### Input for this task
<<<<

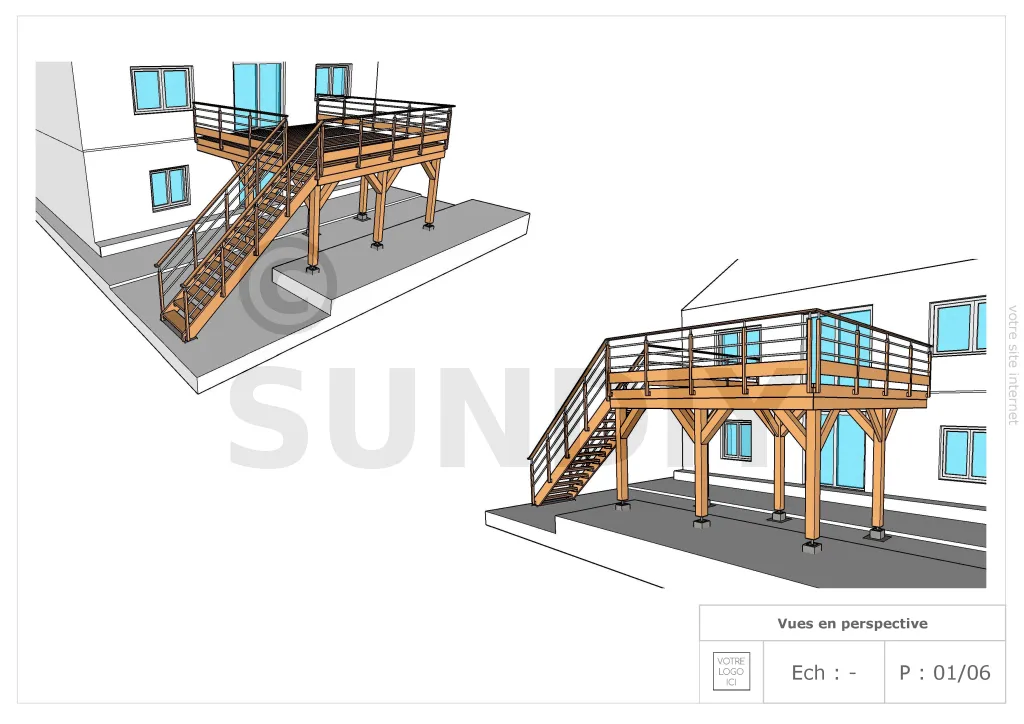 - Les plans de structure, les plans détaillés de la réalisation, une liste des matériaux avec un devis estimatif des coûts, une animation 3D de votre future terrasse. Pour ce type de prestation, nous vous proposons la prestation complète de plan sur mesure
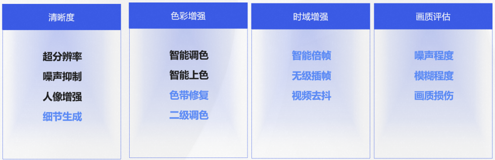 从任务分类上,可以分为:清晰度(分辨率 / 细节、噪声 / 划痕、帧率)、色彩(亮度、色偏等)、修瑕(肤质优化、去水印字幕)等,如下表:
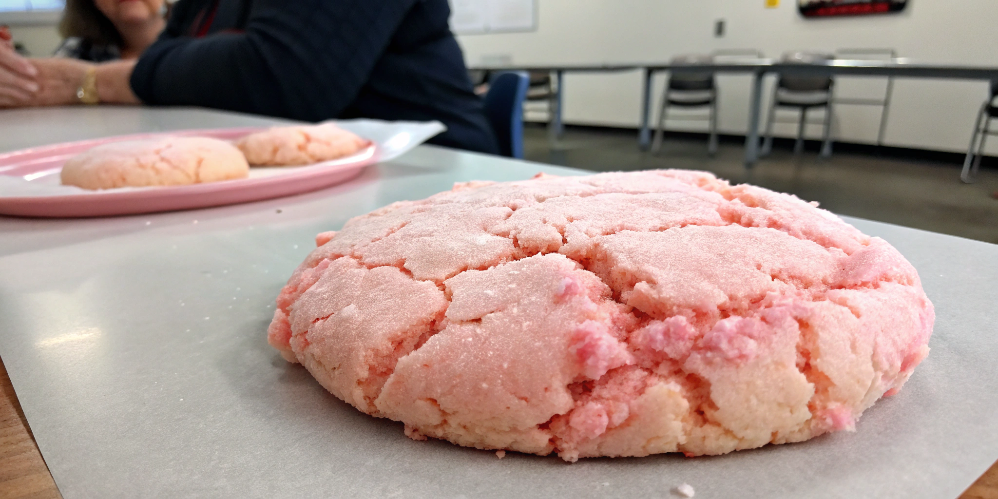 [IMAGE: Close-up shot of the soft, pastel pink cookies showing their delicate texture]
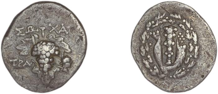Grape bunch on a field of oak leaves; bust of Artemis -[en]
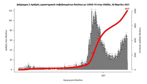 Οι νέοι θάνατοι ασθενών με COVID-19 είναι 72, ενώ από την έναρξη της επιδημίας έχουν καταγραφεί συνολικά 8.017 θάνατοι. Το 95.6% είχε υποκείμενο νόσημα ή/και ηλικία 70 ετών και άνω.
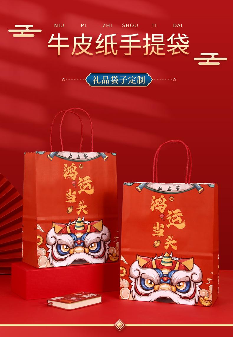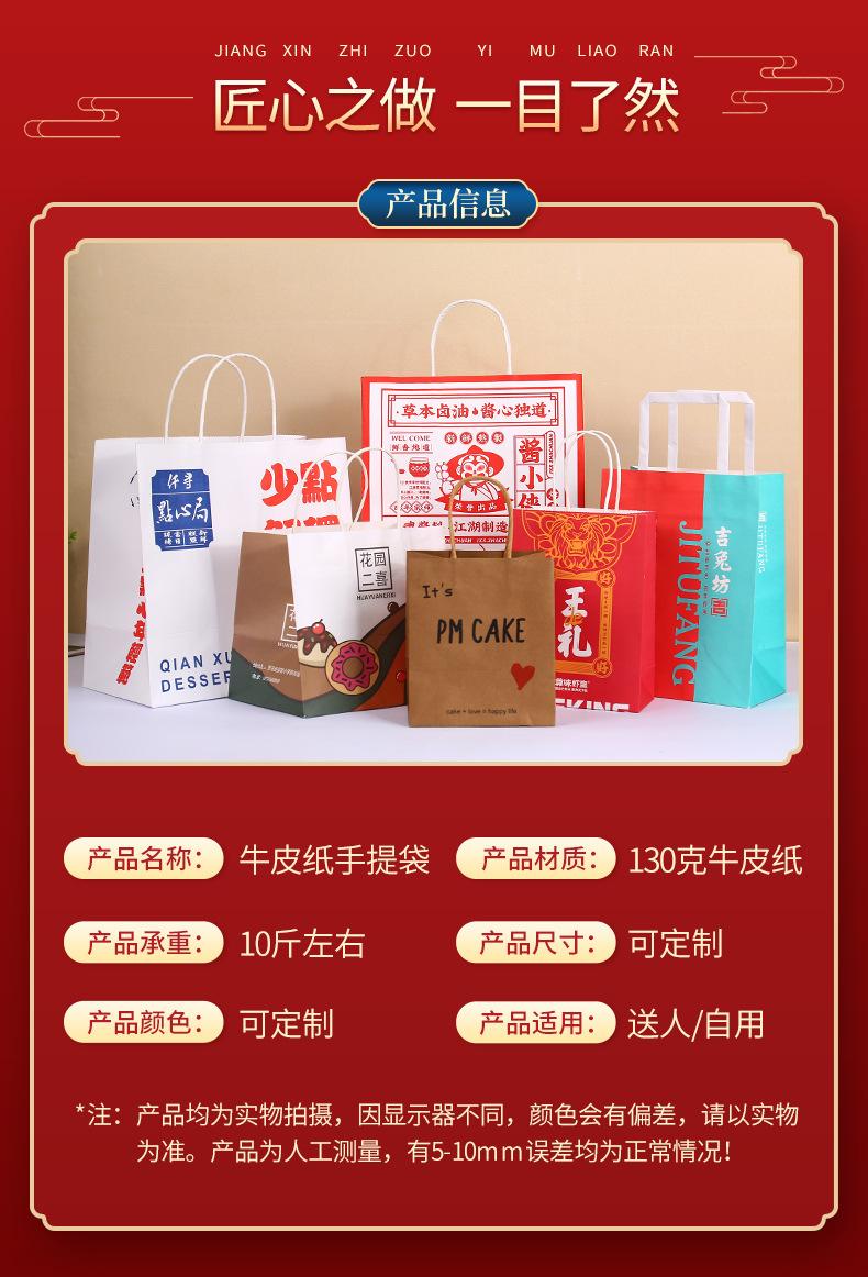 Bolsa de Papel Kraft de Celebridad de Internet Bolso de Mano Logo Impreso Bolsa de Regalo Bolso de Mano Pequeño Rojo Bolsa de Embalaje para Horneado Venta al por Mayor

>>>>
<<<<

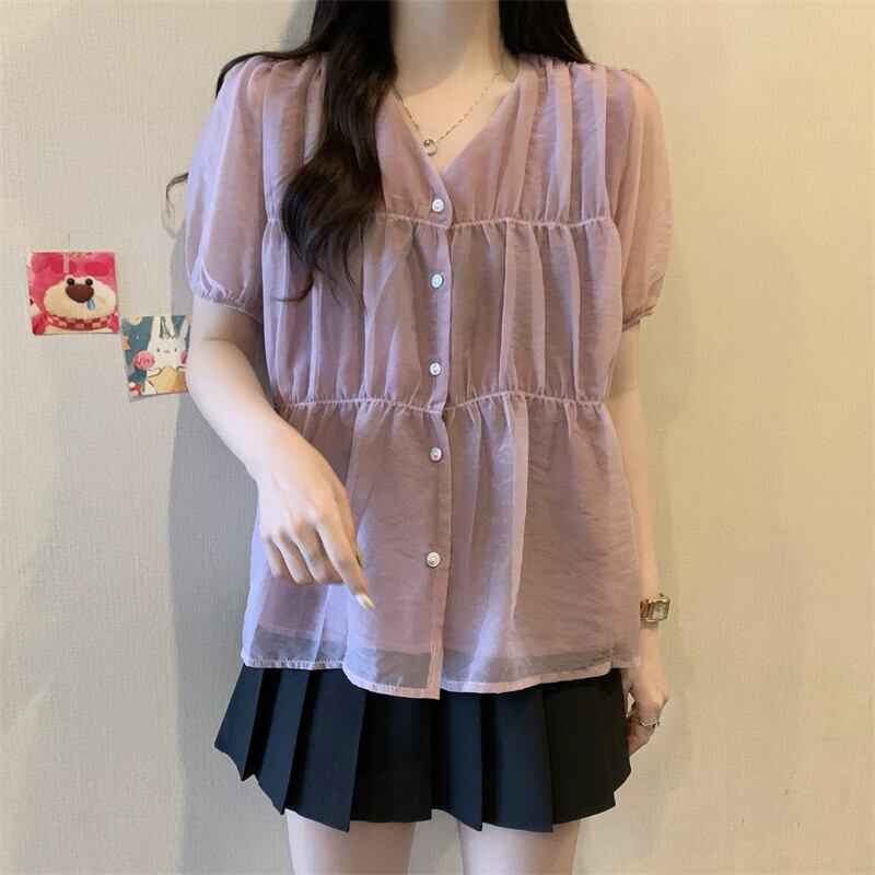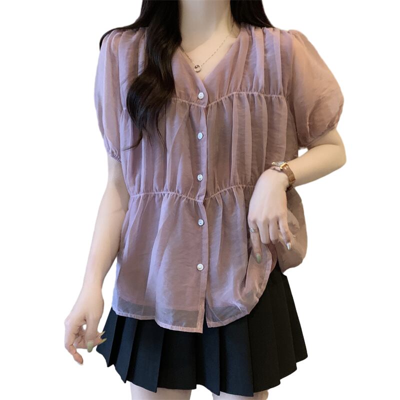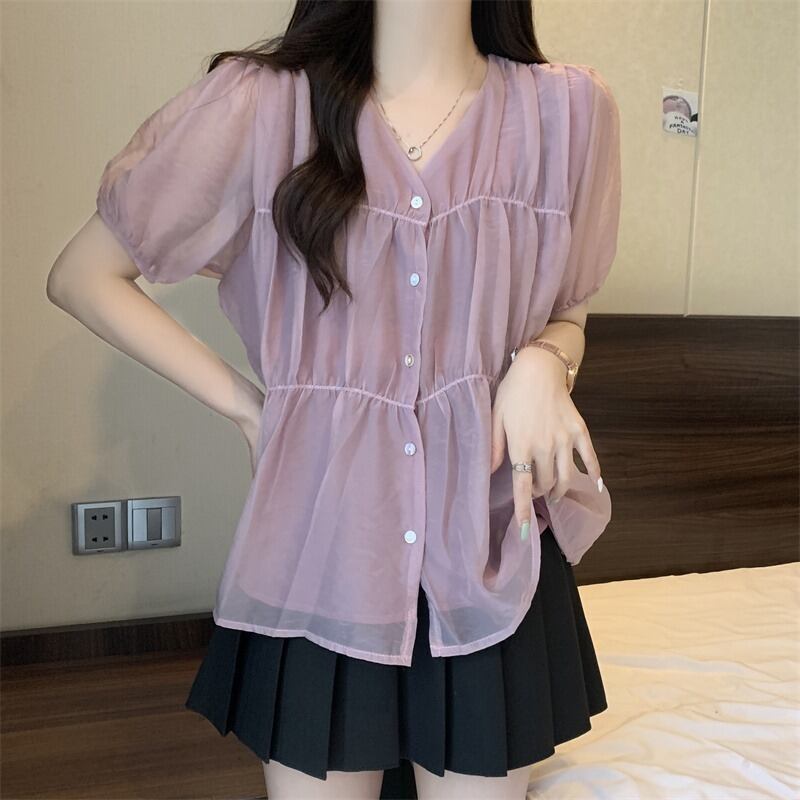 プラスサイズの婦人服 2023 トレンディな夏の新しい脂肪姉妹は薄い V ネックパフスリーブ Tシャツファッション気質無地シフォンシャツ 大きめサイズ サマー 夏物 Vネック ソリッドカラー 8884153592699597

>>>>

### What you have to do
Within the listing above, the lines from the one with "[IMAGE: Close-up shot" through the one with "Bolsa de Papel" are to be given again word for word. Do not include pictures.

### Result for this exercise
 [IMAGE: Close-up shot of the soft, pastel pink cookies showing their delicate texture]
Grape bunch on a field of oak leaves; bust of Artemis -[en]
 Οι νέοι θάνατοι ασθενών με COVID-19 είναι 72, ενώ από την έναρξη της επιδημίας έχουν καταγραφεί συνολικά 8.017 θάνατοι. Το 95.6% είχε υποκείμενο νόσημα ή/και ηλικία 70 ετών και άνω.
 Bolsa de Papel Kraft de Celebridad de Internet Bolso de Mano Logo Impreso Bolsa de Regalo Bolso de Mano Pequeño Rojo Bolsa de Embalaje para Horneado Venta al por Mayor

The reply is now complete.